▸ **Brief**: Exclude the pictures and set down, unaltered, the lines from the one that holds "サービス内のチャットを通じて" through the end of the data.

▸ **Data**:
Start of Block

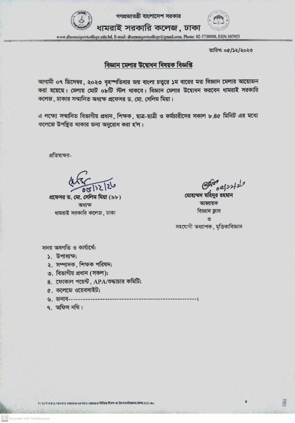 Notice Title : বিজ্ঞান মেলার উদ্বোধন বিষয়ক বিজ্ঞপ্তি
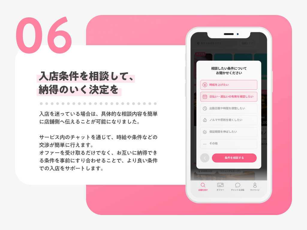サービス内のチャットを通じて、時給のアップや出勤日数の調整など、具体的な相談を店舗側へ簡単に伝えることができるようになりました。
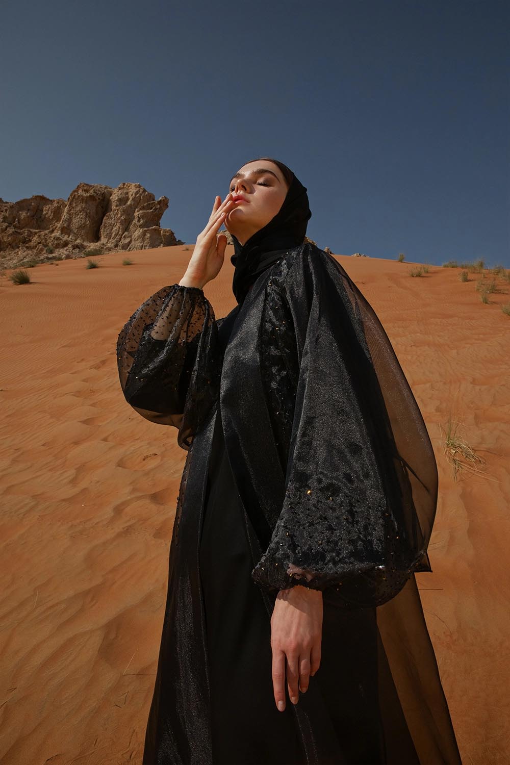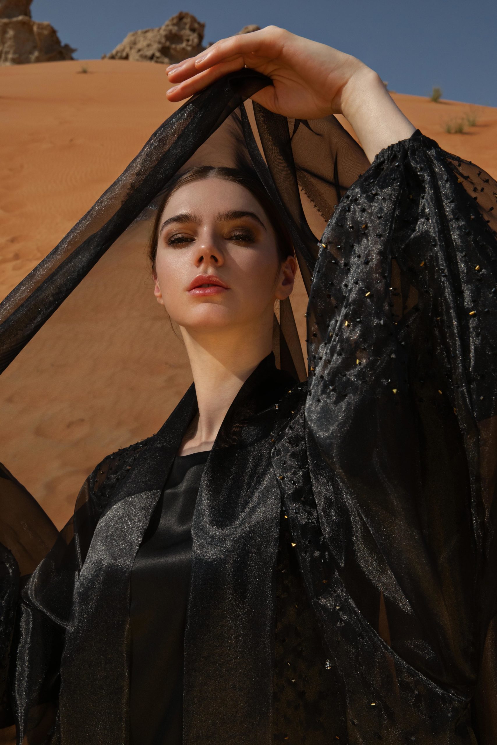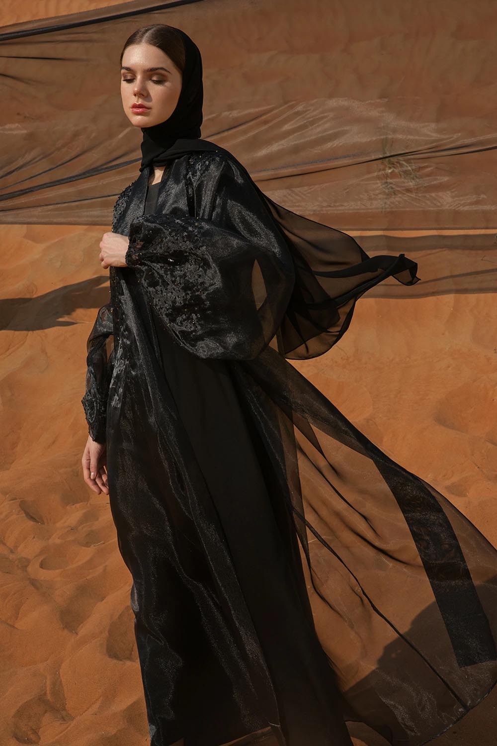 A black pure silk organza abaya. The bodice and sleeves are intricately hand embellished with beads and crystals in shades of black, grey and gold. Comes with a black inner dress and Sheila.
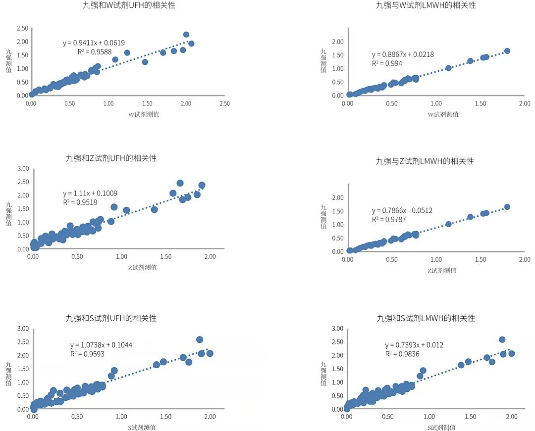 九強抗Xa測定試劑盒(發(fā)色底物法)通過(guò)顏色變化來(lái)測定抗凝強度/血藥濃度,線(xiàn)性寬,抗干擾能力強,精密度高,與市場(chǎng)主流廠(chǎng)家試劑相關(guān)性良好,R2>0.95,可滿(mǎn)足臨床檢測需求。

End of Block

▸ **The answer**:
サービス内のチャットを通じて、時給のアップや出勤日数の調整など、具体的な相談を店舗側へ簡単に伝えることができるようになりました。
 A black pure silk organza abaya. The bodice and sleeves are intricately hand embellished with beads and crystals in shades of black, grey and gold. Comes with a black inner dress and Sheila.
 九強抗Xa測定試劑盒(發(fā)色底物法)通過(guò)顏色變化來(lái)測定抗凝強度/血藥濃度,線(xiàn)性寬,抗干擾能力強,精密度高,與市場(chǎng)主流廠(chǎng)家試劑相關(guān)性良好,R2>0.95,可滿(mǎn)足臨床檢測需求。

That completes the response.